# Speakers



## Dimon (May 18, 2004)

Helo everyone, 
Listen I'v got a bit of a dilema. I've just bought a 1996 Altima SE(the car looks awesome). The thing is that I have Boston Acoustics speakers that I have bought for my old car, and I am now trying to see if it is possible to put them into the Altima. The speakers are 4/6 in the front and 6/9 in the back. If these cannot replace my stock ones, does anyone have ideas on alternate ways they can be installed? thx.


----------



## KA24Tech (Feb 2, 2004)

My 93 had the Active Speaker option with six speakers. It has a 1 inch tweeter in the pillar, 5x7 in the door and 6x9 in the rear. Depending on how your car is optioned it may have stock either of those sizes that you have stock but you can use an adapter plate from crutchfield or the better car audio stores.

Troy


----------



## mzanubis (Feb 19, 2003)

Active Speaker? do you have a GLE?


----------



## Dimon (May 18, 2004)

So 5/7 in the front and 6/9 in the back? mine are both rectangular, not round, is this a problem?


----------



## KA24Tech (Feb 2, 2004)

mzanubis said:


> Active Speaker? do you have a GLE?


I actually have an extrememly well optioned SE with power everything and the moonroof and a 5 speed that came with a factory viscous LSD (now a NISMO piece) but no HUD. I think all GLEs had automatics and anti-lock brakes.

Troy


----------



## KA24Tech (Feb 2, 2004)

Dimon said:


> So 5/7 in the front and 6/9 in the back? mine are both rectangular, not round, is this a problem?

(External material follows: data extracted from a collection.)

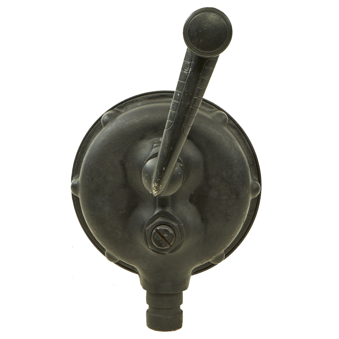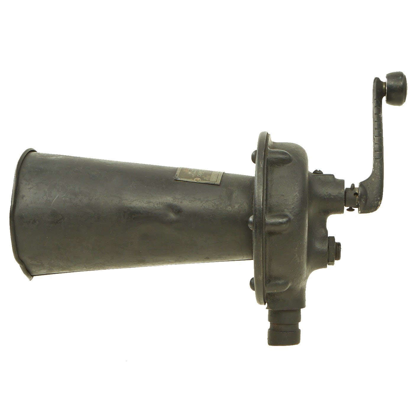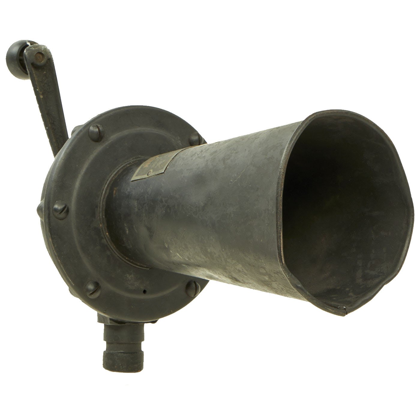 This is a great example of a U.S. WWI KLAXON brand gas alarm, which produces a very loud and jarring grating noise when turned. Often called a "cow scarer", as similar devices were used on early cars to get animals to move out of the way. It definitely looks like it is intended to mount to a vehicle, or possibly to a stand, which is unfortunately not present.
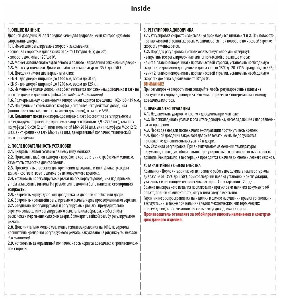 | Дополнительная информация | подходит для дверей от 65кг. до 125кг. |
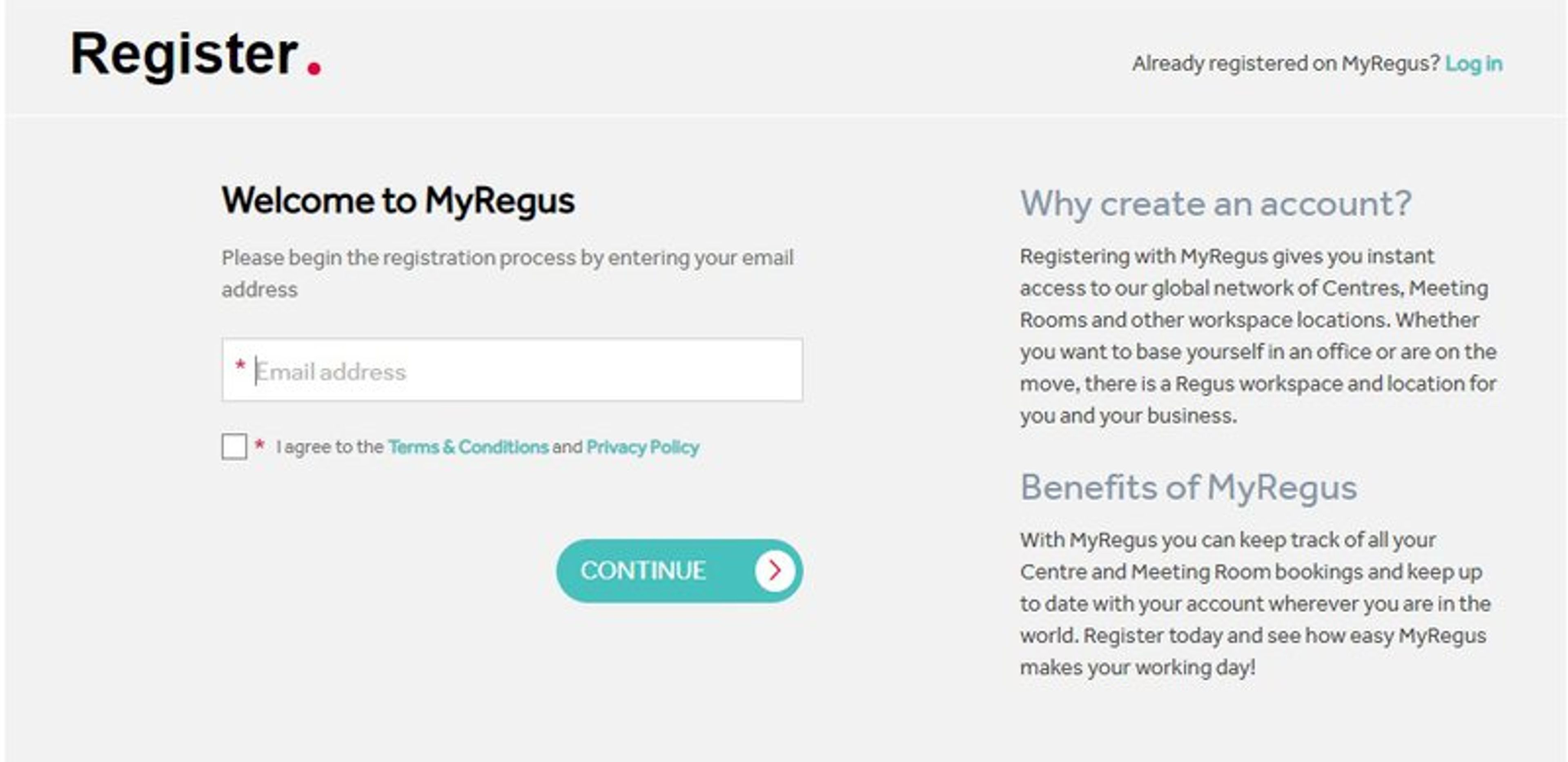Step 1 – Sign up to Regus
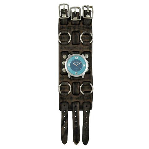 Embossed 3D Turquoise/Deep Blue Watch with Bullet Ring Distressed Dark Brown Leather Triple Strap Cuff
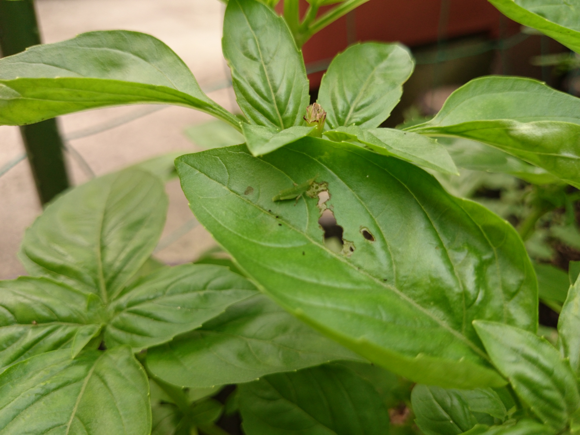 見えますか? 真ん中にバッタの赤ちゃん。食欲旺盛で困ります。
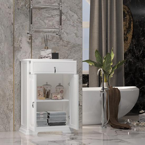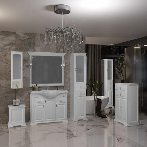 Коллекция РИСПЕКТО символизирует лучше традиции неоклассики в сочетании с необыкновенной функциональностью и простотой дизайна. Успех и уникальность коллекции формируется несколькими вариантами отделок, а также размерным рядом моделей и глубокой керамической раковиной. Завершенность стилю коллекции РИСПЕКТО придают сложные филенчатые фасады мебели. Несколько вариантов пеналов — узкий, стандартный (с бельевой корзиной) и двухстворчатый — удачно завершают комплектацию коллекции. Мебель оснащена механизмами плавного закрывания Hettich (Германия).
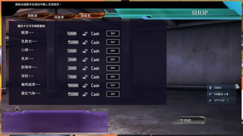 第一天在商店里买带刺棍、对魔装甲三套跟淫纹。衣装中脱掉两件魔法少女装备,并装上淫纹。
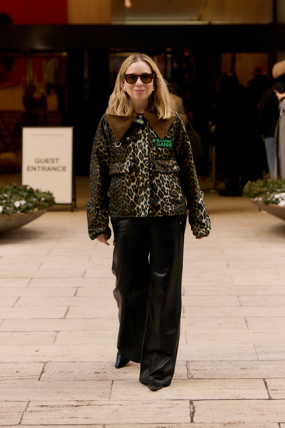 サステナブルなアプローチを重視しているコペンハーゲン発の「ガニー」と、イギリス王室公認の「バブアー」とコラボしたブルゾンをチョイスしたUA版L’OFFICIEL Magazineの編集長キャロライン・グロッソをキャッチ。キュートなイメージのブルゾンを、レザーパンツや大ぶりのパールのピアスを合わせてジェントルウーマンなスタイリングに。
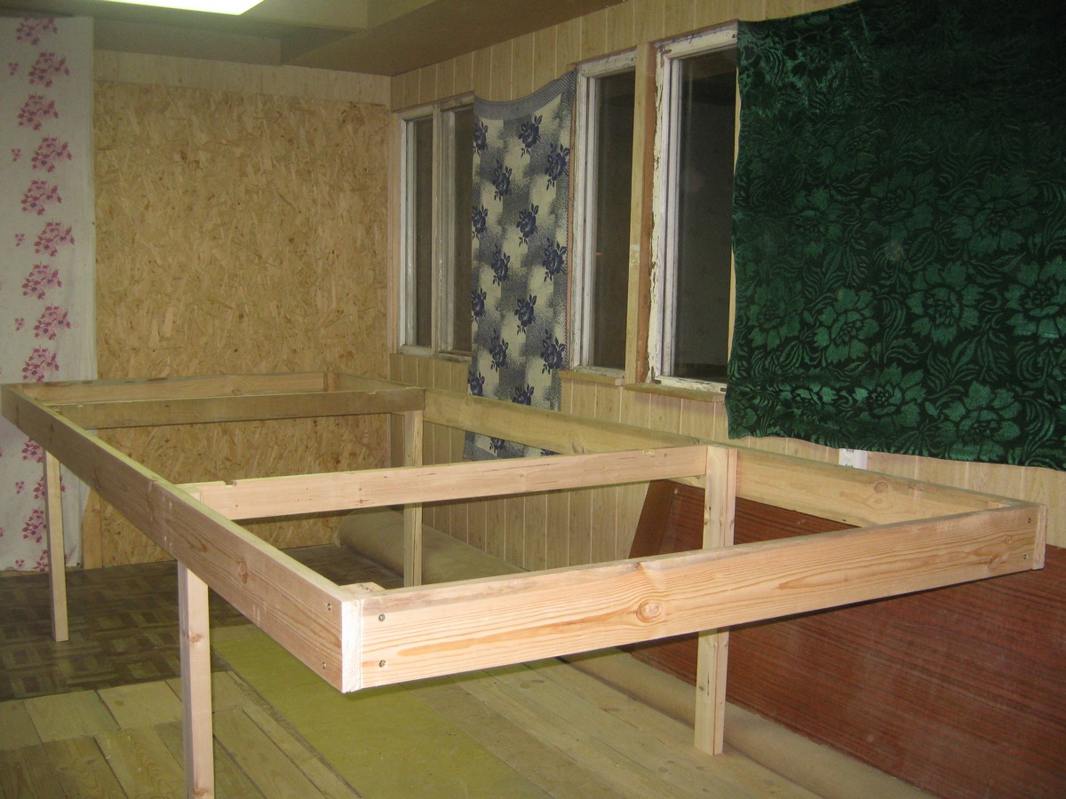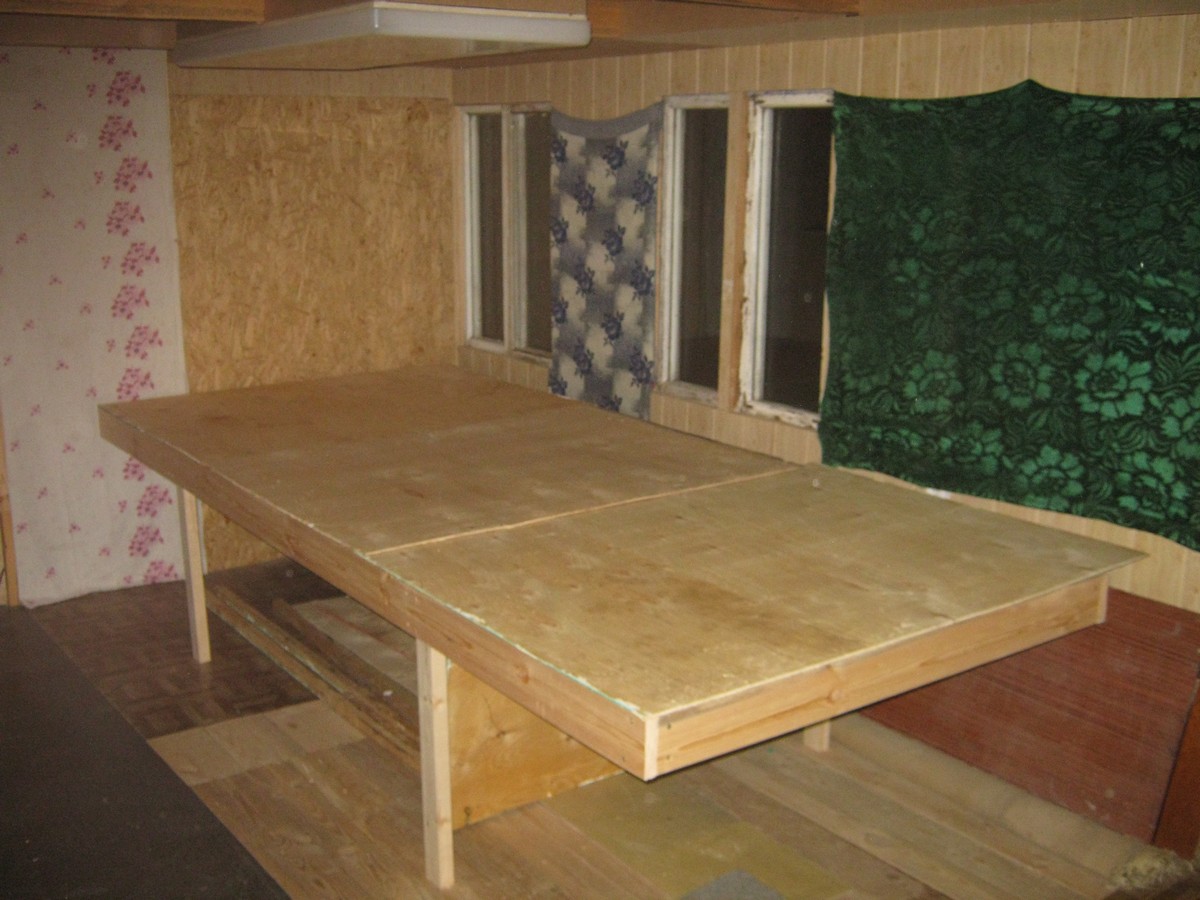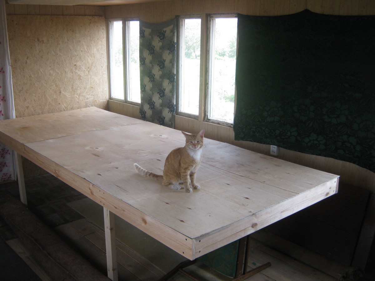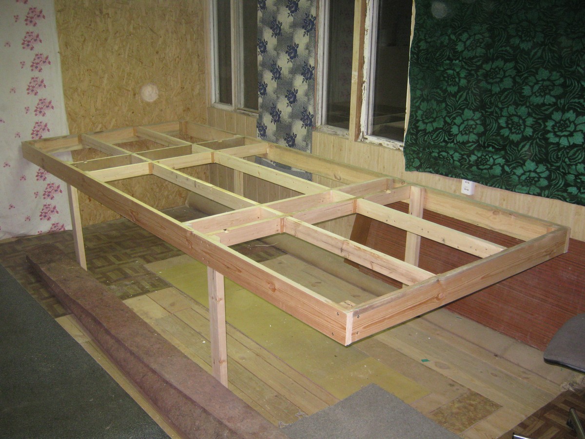 Конструкция собирается на саморезах 50х5,0 с проклеиванием ПВА. Даже на данный момент, при том, что ножки ещё не подкреплены раскосами к поперечинам, жёсткость приятно радует.
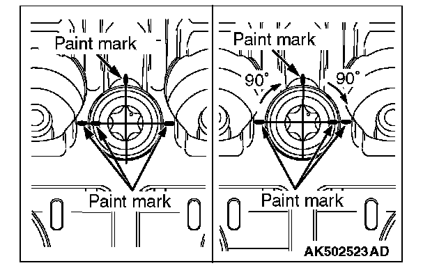 Tighten it further 90° and make sure that the paint mark on the cylinder head bolt is in a straight line with that on the cylinder head.
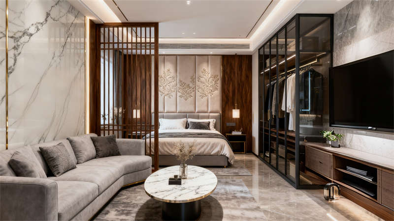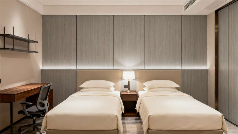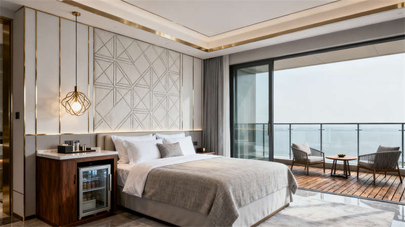 本設計以現(xiàn)代輕奢為核心風格,為蚌埠這家酒店打造出兼具質(zhì)感與溫度的居住體驗。整體空間以低飽和的米灰色系為基底,搭配胡桃木的溫潤與金屬線條的精致,構建出統(tǒng)一且富有層次的視覺效果。?

No, it isn't a problem. You should be able to install both sets of speakers in the Altima but you will need an adapter plate for the 4x6 in the doors and the 6x9s in the back. I believe the front is a 5x7 and the rear is a 6 3/4 that you have.


Troy


----------



## altim (Jun 10, 2004)

Hi Troy,
I am actually having problems replacing my front speakers (in my 97 Altima). I got 5x7's - since everybody said they would fit ok but I can't get the new speakers in.
First of all, there is this weird housing - stocks fit right in there but the aftermarket won't fit there.
And the whole in the door panel is too small, so I can't just mount the new speakers right into the doors.

I wonder....anybody makes some sort of adapter?

thanks


----------



## KA24Tech (Feb 2, 2004)

Check with a good car stereo/ electronics store, they can either find one that is made or custom make one for you. Also certain speakers have housings that require some installation modifications to fit correctly.

Troy


----------